It is about 9.25 inches long by 2.5 inches at its widest point and weighs just over half a pound, perfect for carrying it in the pocket of your backpack.
With adjustable legs and leg angles, support for up to 5.5 lbs of equipment and up to 90 degrees of movement, this tripod gives you great freedom in selecting your shots.
The Pixie Evo 2 is compatible with DSLRs, Action Cameras, Smartphones, and compact cameras, so there’s no longer any excuse for having a blurry shot from atop a boulder.
- The tripod is small, very stable and versatile. It is recommended for travelers who don’t need a full-size tripod or monopod.

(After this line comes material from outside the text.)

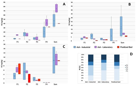 Nickel content in ash samples from three wastewater treatment plants based on the sludge incineration method (laboratory furnace or industrial installation) and in disposed-of fluidized beds. F1—ion exchange and carbonate fraction, F2—fraction associated with Mn and Fe oxides (reducible), F3—organic and sulfide fraction, F4—residual fraction, Sum—the total content of the element. (A) GOŚ Łódź, (B) Gdańsk Wschód, (C) GOŚ Dębogórze, (D) percentage fraction by material type (average of all treatment plants).

- The height of this tripod is very limiting but this is also its appeal as it’s so small, so make of it what you will.
7. Joby GorillaPod 3k Kit
For the adventurer who likes to go off the beaten path, sometimes a traditional tripod just won’t cut it. At those times, the flexible JOBY GorillaPod is just right, as it can not only be used on uneven surfaces but also be wrapped around tree branches, poles, and almost any other solid surface.
The GorillaPod consists of three flexible legs or tentacles, which are adjustable and have rubberized ring and foot grips for additional stability.
It can be used for handheld photography as well as for landscape or portrait photography from a stable vantage point. The ball head needs to be purchased separately as part of a kit, but it is necessary for attaching a DSLR.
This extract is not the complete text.